Well, I can't say that I'm feeling much better, but it has been nice to be able to sit back and let others take care of the kids - especially Ellie. It's been a good break for me to not have to even do all of the thinking about what to feed her, etc. So feeling poorly has it's perks. :-) Bless Loretta's heart, she's been doing enough thinking and working for three people. Reni has been cooking and Mike's been doing lots of cleanup. (Reni and Mike are John's aunt and uncle - John's dad is Loretta and Reni's brother.) John's grandma has been faithfully folding any and all laundry that I take out of the dryer - and there've been many loads... John's cousin Lauren also lives here and when she's not at work she helps feed and entertain Ethan and run errands. So as you can see I've been rather pampered these days! (And you'll have to forgive the small twinge of self-satisfaction that I get when I see how many people it takes to keep our little family going - I KNEW there was a reason why I feel so tired when I'm home alone with the kids!) There is some other family in the area that we can't wait to see. I keep praying that we can all just get over this sickness so we can get down to the serious business of having FUN!!
John has been helping with the kids - often getting up with Ethan so that I can sleep in with Ellie. He has also been running around planning forays into the mountains. He's taken some drives around to look at scenery on the days that have been too soggy to do much hiking. When John's eyes roam to the mountains I can almost see the same look that a horse gets when you dangle a carrot just out of his reach. My sweet husband is absolutely driven to explore.

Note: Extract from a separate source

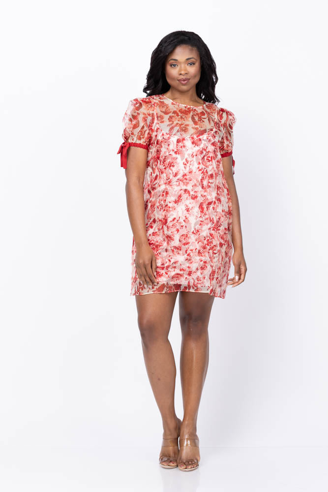 Cinq à Sept Floral Ribbons Junette Dress in Cherry Rose Multi

And speaking of husbands... just the other day John and I went out for lunch. I didn't feel great, but it was so nice just to be out together. We sat in a booth of the restaurant and simply enjoyed each other's company. It was a great big booth, and as is his way, John sat down beside me insead of across from me. As I am left-handed and he is right, we are able to eat an entire meal holding hands or with his arm around me. John commented that he almost felt guilty that given all of the stress and strain of the past year, we could be so happy. And that's the plain and beautiful truth of it - God has just blessed us with such joy in each other. It's funny because we really don't have a lot in common as far as interests and activities, but we love to enjoy a meal together and talk a while. Sure, there is still the daily work of a relationship - choosing to be kind to each other in the little things; him choosing to act in a loving way towards me; and me choosing to respect him... But when it all comes down to it, we truly feel blessed by God in that the joy comes easily. I still have a vivid memory of the first time we came home from the hospital with Ellie last October. She had been in the hospital for a month, and I had slept at the hospital for the entire time. Finally we were home and the kids were tucked into their beds. Once we were settled into our bed for the night, I started crying and as John held me, I admitted that I felt like I should be happy, but that somehow we would never be able to be happy again. Feeling joy at a time when life as we knew it was unravelling somehow just seemed wrong. And then something wonderful started to happen. The little joyful moments over the months have begun to string together in such a way that joy has become second nature...
And now on to pictures!
Back in New York:
Michael and Kathy in my favorite little French restaurant that's close to the hospital.
Michael and our little buddy:
The gorgeous view from Mike and Reni's home.
The view of Bigfork and Flathead Lake from Jewel Basin.
A few of the many sweet moments since our arrival in Montana:
And so... goodnight dear family and friends. Even in our lovely time of rest and recharge we are thankful for your love and prayers. You are never far from my thoughts.